To evaluate the performance of the ANN model, we examined the receiver operating characteristic (ROC) curve, which plots sensitivity, against 1-specificity, for various threshold settings. We used the area under the ROC curve (AUC) as a performance measure [17]. Differences in AUC were tested for with the method of DeLong et al. [18]. Furthermore, we computed the Brier score, which is a measure of the calibration of a set of probabilistic predictions; in effect, it is the mean squared error of the forecast [19]. Differences in Brier scores were tested with an approximate permutation test with 50,000 permutations [20]. We evaluated our ANN models with the AUC of the ROC and the Brier score for the calibration error on the test set. The ratio between the 30-day mortality and the EMR is the standardised mortality ratio (SMR), which is a morbidity-adjusted mortality measure.

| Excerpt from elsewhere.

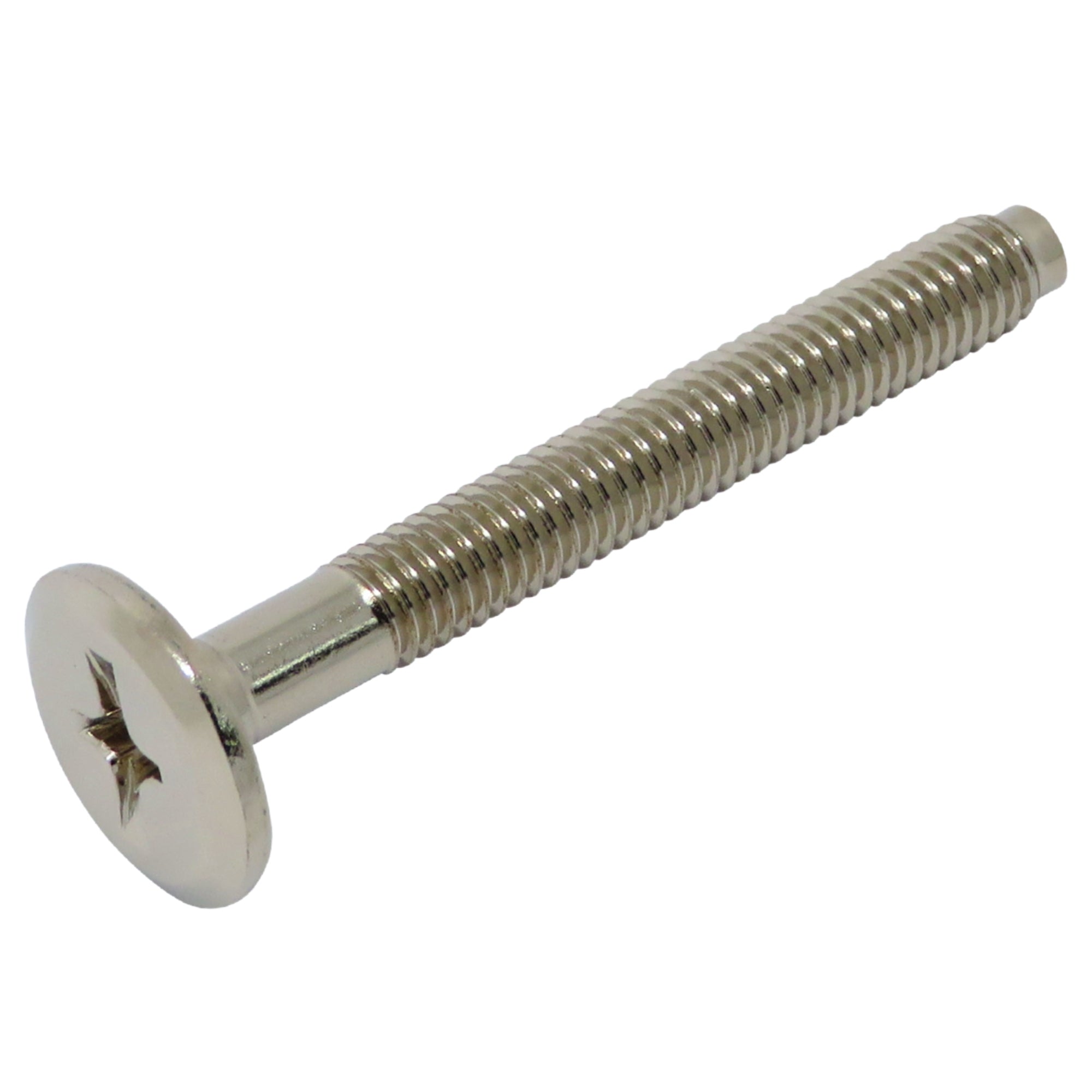 頭径16mm・頭厚2.3mmの広い座面で部材をしっかり固定し、仕上げは鉄製・ニッケルメッキまたはGBメッキから選択可能

The SMR is only interesting as a group measure, as individual SMRs are either 0 (if the individual has not survived) or \(\text {EMR}_{i}^{-1}\), where EMRi is the EMR of individual i (who has survived). However, a way of defining an individual (or local) SMR is using smoothing techniques. We applied local polynomial regression using the default settings of the loess function of R [21] on mortality and EMR (and then interpolated evenly over the whole range). We subsequently calculated the ratio of the smoothed mortality and the smoothed EMR to obtain smoothed (local) estimates of SMR [22]. One possible interpretation of the SMR is that the closer the SMR is to 1, the better the EMR prognosticates the mortality.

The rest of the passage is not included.